• Problem to solve:
When you reach a picture, leave it out; output everything else in the records exactly.
|---|
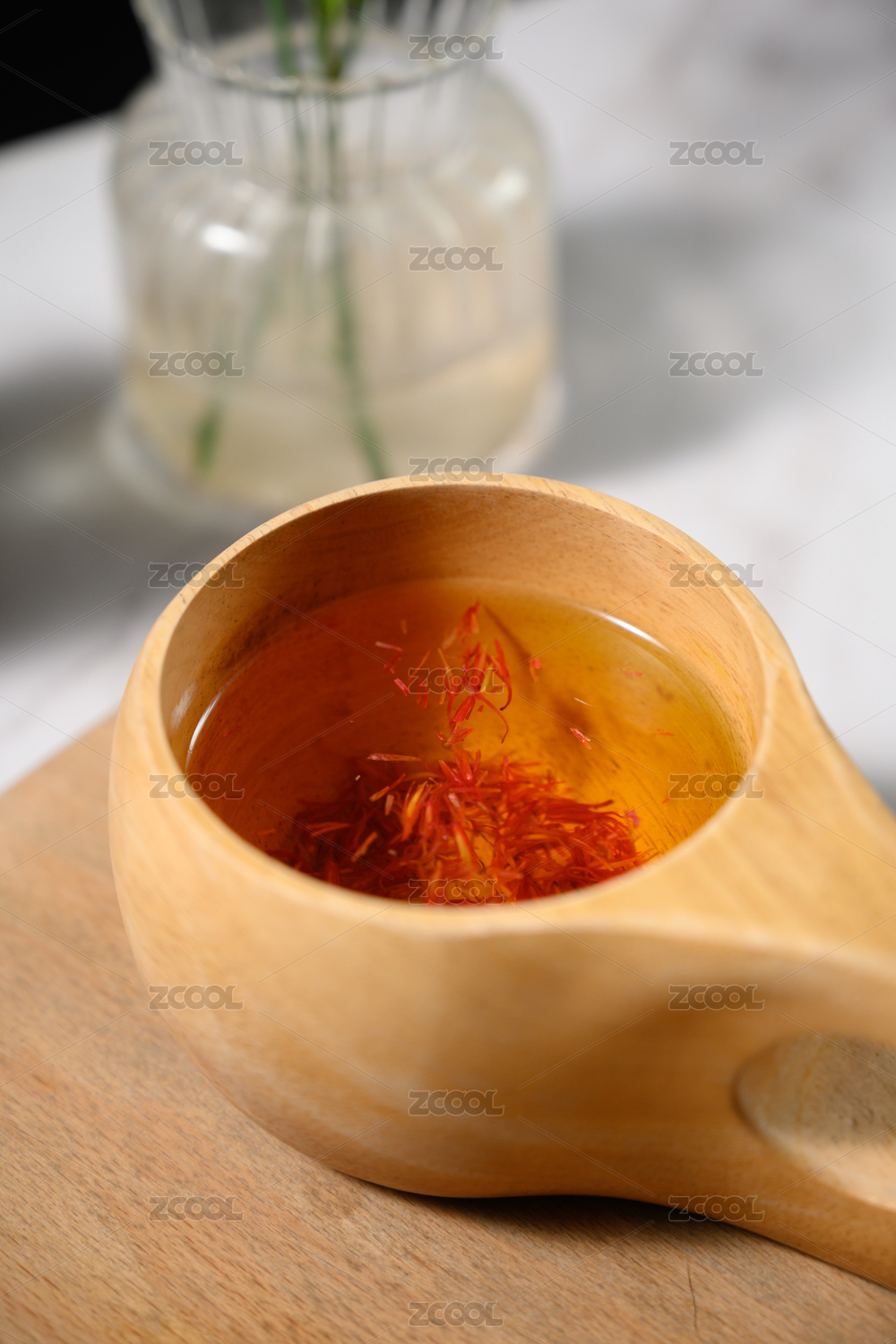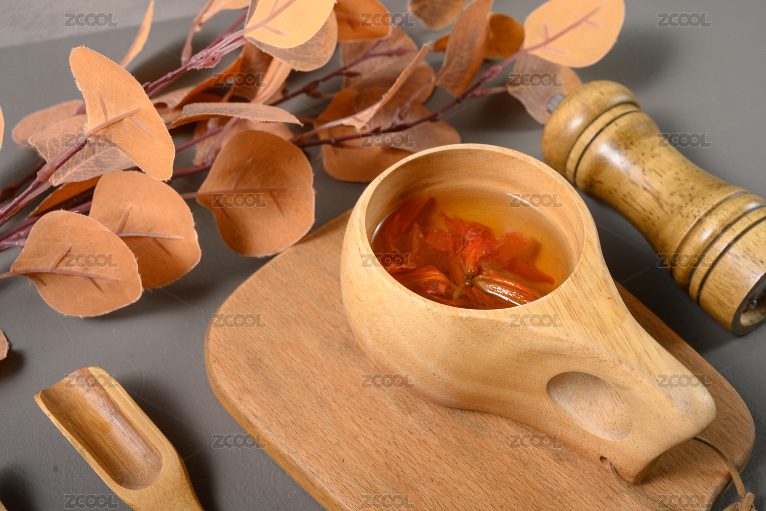 桌面上的杯子里的甘甜可口的山茱萸茶
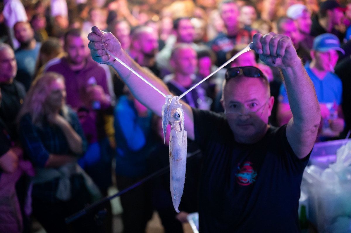 Vaganje je potrajalo nešto preko sat i pol vremena jer je svaki ulov bio u zavezanoj i električarskom vezicom osiguranoj najlon vrećici koju je najprije trebalo otvoriti, onda svaku lignju pogledati, izvagati i upisati. Svi prisutni su to mogli pratiti i preko velikog projektora na pozadinskom panou na kome se svakim novim unosom poredak na plasmanskoj listi mijenjao.
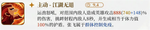 运劲怒吼,对范围内敌人造成英雄攻击888(740+148)%的伤害,挑衅射程内敌人8秒,并生成相当于体力值100%的护盾。张飞属于群体控制免疫。
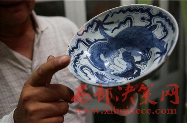 2016年9月23日,陜西榆林,清乾隆青花瓷過(guò)橋龍圖案從碗外延伸到碗內(nèi)。
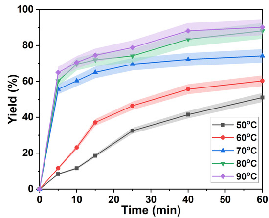 As shown in Figure 2, the lignin rapid separation stage was shortened from 25 min to 10 min when the temperature was increased from 50 °C to 60 °C. At the same time, the separation yield of lignin in the rapid separation stage also increased from 32.46% after 25 min to 64.91% after 5 min. This was due to the increase of the reaction rate with the temperature. The time of the slow delignification stage of p-TsOH gradually shortened with an increasing temperature. The isolated yield of lignin gradually increased with time at 80 °C and 90 °C. However, a second rapid increase was found after 25 min. Finally, the separation yields of lignin were 88.09% and 90.14%, respectively. This was attributed to the condensation of lignin and the attachment of carbohydrates to lignin [34], which became the main controlling step in the later stage of the lignin separation reaction. However, polycondensation of lignin is inevitable at high temperatures and results in a suppressed rate of lignin separation [35].
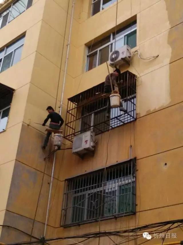 〝蜘蛛俠〞為城市換靚裝。10月28日,兩名工人在忻州城區(qū)忻師西巷接待處宿舍區(qū)高空作業(yè)為樓房粉刷涂料。(魯明強(qiáng) 攝)
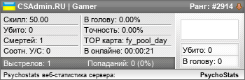 CSAdmin.RU | Gamer занимает в статистике ранг #2912 из 4,904Не указан
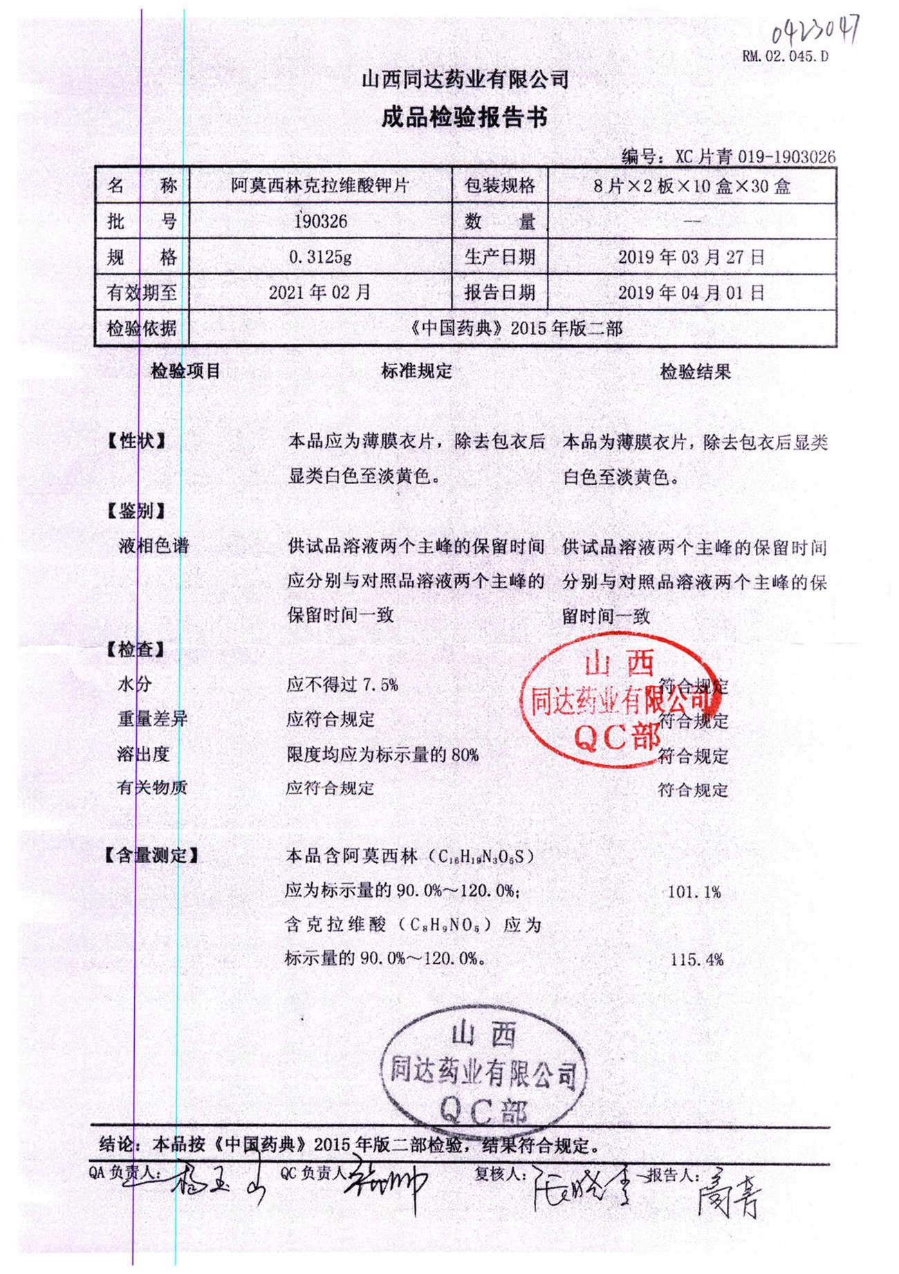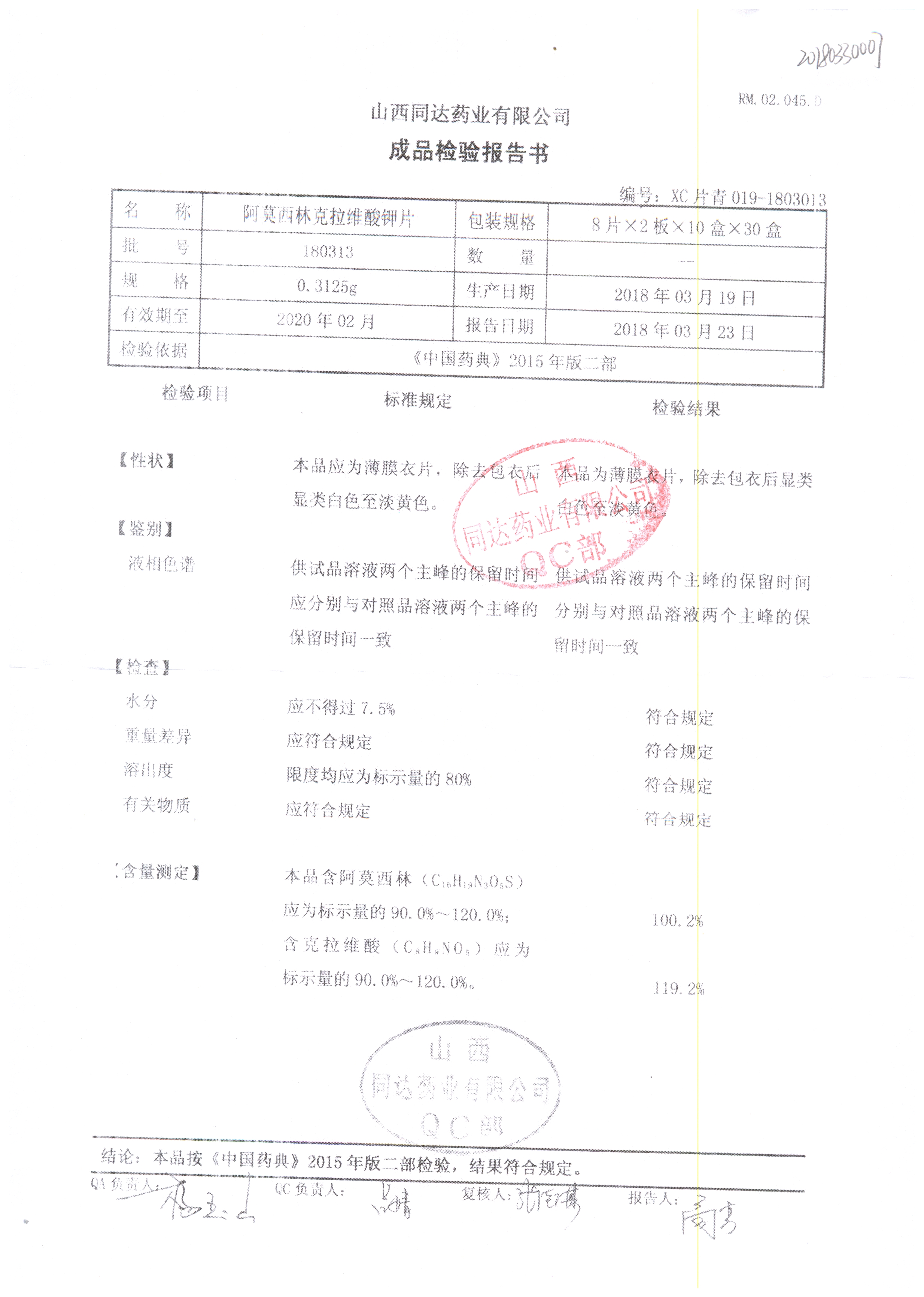 阿莫西林克拉維酸鉀片 | 0.3125g*16s | 190619 | 查看詳情 |
|---|
• Result of the task:
 桌面上的杯子里的甘甜可口的山茱萸茶
 Vaganje je potrajalo nešto preko sat i pol vremena jer je svaki ulov bio u zavezanoj i električarskom vezicom osiguranoj najlon vrećici koju je najprije trebalo otvoriti, onda svaku lignju pogledati, izvagati i upisati. Svi prisutni su to mogli pratiti i preko velikog projektora na pozadinskom panou na kome se svakim novim unosom poredak na plasmanskoj listi mijenjao.
 运劲怒吼,对范围内敌人造成英雄攻击888(740+148)%的伤害,挑衅射程内敌人8秒,并生成相当于体力值100%的护盾。张飞属于群体控制免疫。
 2016年9月23日,陜西榆林,清乾隆青花瓷過(guò)橋龍圖案從碗外延伸到碗內(nèi)。
 As shown in Figure 2, the lignin rapid separation stage was shortened from 25 min to 10 min when the temperature was increased from 50 °C to 60 °C. At the same time, the separation yield of lignin in the rapid separation stage also increased from 32.46% after 25 min to 64.91% after 5 min. This was due to the increase of the reaction rate with the temperature. The time of the slow delignification stage of p-TsOH gradually shortened with an increasing temperature. The isolated yield of lignin gradually increased with time at 80 °C and 90 °C. However, a second rapid increase was found after 25 min. Finally, the separation yields of lignin were 88.09% and 90.14%, respectively. This was attributed to the condensation of lignin and the attachment of carbohydrates to lignin [34], which became the main controlling step in the later stage of the lignin separation reaction. However, polycondensation of lignin is inevitable at high temperatures and results in a suppressed rate of lignin separation [35].
 〝蜘蛛俠〞為城市換靚裝。10月28日,兩名工人在忻州城區(qū)忻師西巷接待處宿舍區(qū)高空作業(yè)為樓房粉刷涂料。(魯明強(qiáng) 攝)
 CSAdmin.RU | Gamer занимает в статистике ранг #2912 из 4,904Не указан
 阿莫西林克拉維酸鉀片 | 0.3125g*16s | 190619 | 查看詳情 |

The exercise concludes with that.